According to the lawsuit, when Integritort, a former Particle Health client, was banned from Carequality in October 2024, the former CEO of the company co-founded Mammoth, which started accessing patient records through Health Gorilla, and as was the case with RavillaMed, returned documents with no clinical value.
The lawsuit claims that bad actors rely on technology implementers such as Health Gorilla, conducting little to no vetting of participants to gain access to patient data for financial gain, and that the company is knowingly enabling the abuse of patient data. Health Gorilla and the named clients deny all of Epic’s allegations, and Health Gorilla alleges that Epic is attempting to limit the exchange of health information.
“These actions reflect broader, ongoing concerns raised by others in the industry and by government actors about monopolistic practices in health information exchange by Epic,” explained a spokesperson for Health Gorilla. “Health Gorilla supports efforts to promote competition, patient choice, and fair access to healthcare data.”
Epic claims that if healthcare providers participating in interoperability frameworks cannot trust a request for patient records is made for the purpose of treatment, they may feel compelled to leave the framework, while other healthcare providers that have yet to join may be dissuaded from doing so.
“Bad actors like [the] Defendants have falsely framed Epic and providers’ efforts to safeguard patients’ private medical information as information blocking that is harmful to patients and as unlawful obstruction,” countered Epic. “This intimidation campaign is designed to chill scrutiny and preserve the unscrupulous actors’ access to patient records so they can monetize them, including by selling them to mass tort law firms.”
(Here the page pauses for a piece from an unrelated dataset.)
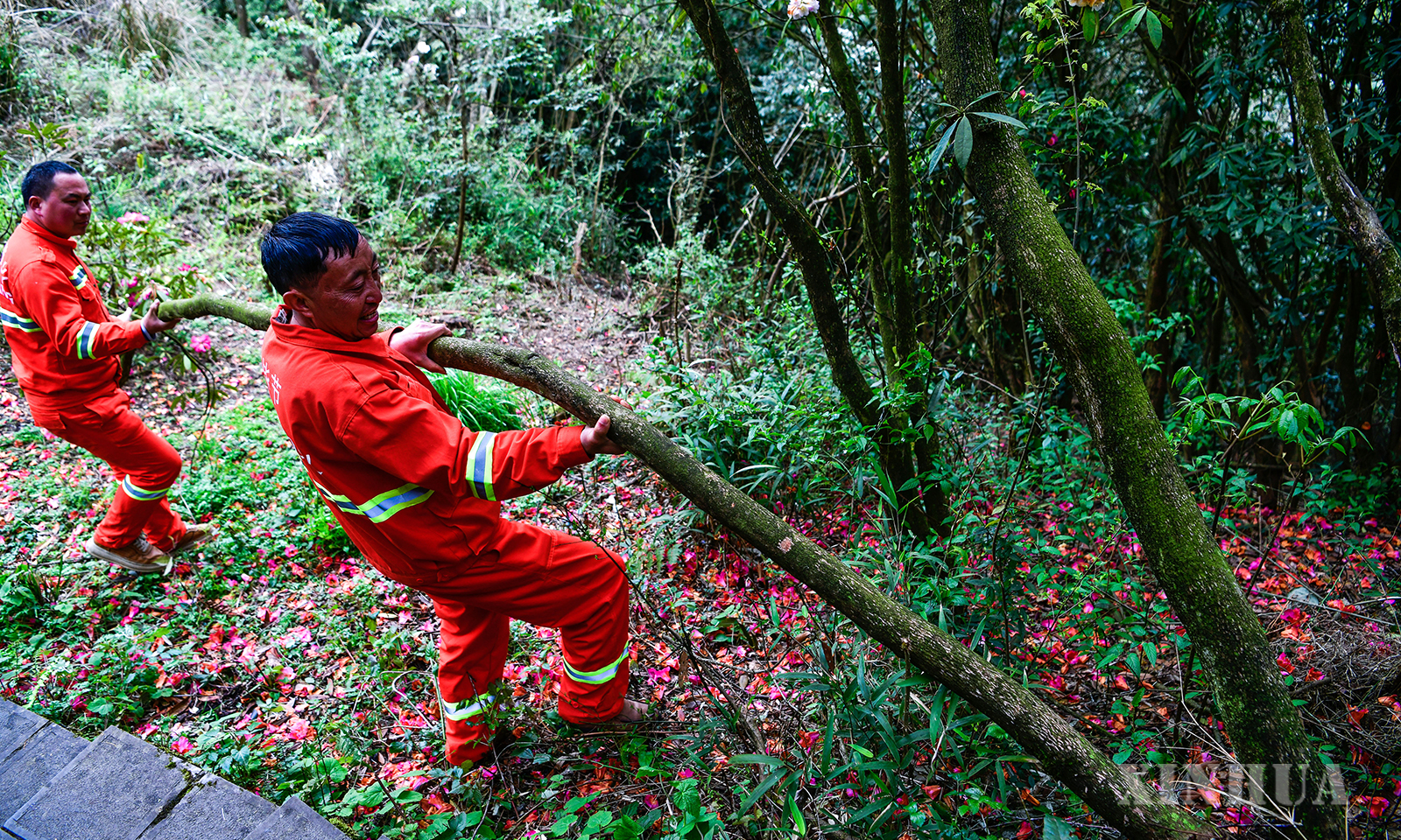 ၂၀၀၈ ခုနှစ်မှစ၍ ပိုင်လီ တောင်ဇလပ်ပင်စီမံခန့်ခွဲရေးကော်မတီသည် တောမီးကာကွယ်ရေးဝန်ထမ်း ၄၅ ဦးကို တစ်နှစ်ပတ်လုံး ခန့်အပ်ထားပြီး တောတွင်း မီးအန္တရာယ်ဖြစ်နိုင်ခြေများ စစ်ဆေးရှာဖွေခြင်း၊ သစ်တော ပိုးမွှားနှင့်ရောဂါများ ကာကွယ်ထိန်းချုပ်ခြင်း၊ တရားမဝင် တူးဖော်ခုတ်ယူမှုများ တားဆီးခြင်း စသည့် လုပ်ငန်းများကို တာဝန်ယူ ဆောင်ရွက်ကြသည်။ ၁၈ နှစ်ကြာကာလတွင် လေပြင်းတိုက်ခတ်၍ မိုးရွာသည်ဖြစ်စေ၊ ရာသီဥတုပြင်းထန်စွာ အေးခဲသည်ဖြစ်စေ၊ ချစ်ချစ်တောက် ပူပြင်းသည်ဖြစ်စေ တောမီးကာကွယ်ရေးအဖွဲ့ဝင်များသည် နေ့စဉ် သစ်တောနှင့် တောင်တန်းများအတွင်း တာဝန်ယူကင်းလှည့်စစ်ဆေးခဲ့ကြပြီး “ကမ္ဘာမြေ၏ ရောင်စုံဖဲကြိုး၊ ကမ္ဘာ့ပန်းဥယျာဉ်” ဟု ခေါ်ဆိုခံရသော ရှုခင်းသာဧရိယာတွင် တောင်ဇလပ်ပန်းများ၏ ပွင့်လန်းမှုကို ကာကွယ်စောင့်ရှောက်လျက်ရှိသည်။ (Xinhua)

The lawsuit alleges fraud, aiding and abetting fraud, breach of contract, and violations of the Federal Computer Fraud and Abuse Act and seeks to put an end to the exploitation of interoperability frameworks. In addition to Health Gorilla, the lawsuit names RavillaMedPLLC; Avinash Ravilla; Shere Saidon; LlamaLab, Inc.; Unique Medi TechLLC (Mammoth Dx); MammothPath Solution, LLC; Mammoth Rx, Inc.; Ryan Hilton; Daniel Baker; MaxToovey; Unit 387 LLC; SelfRx, LLC (Myself.Health); Critical CareNurse Consultants, LLC (GuardDog Telehealth); Hoppr, LLC; Meredith Manak, and DOES 1-100 as defendants.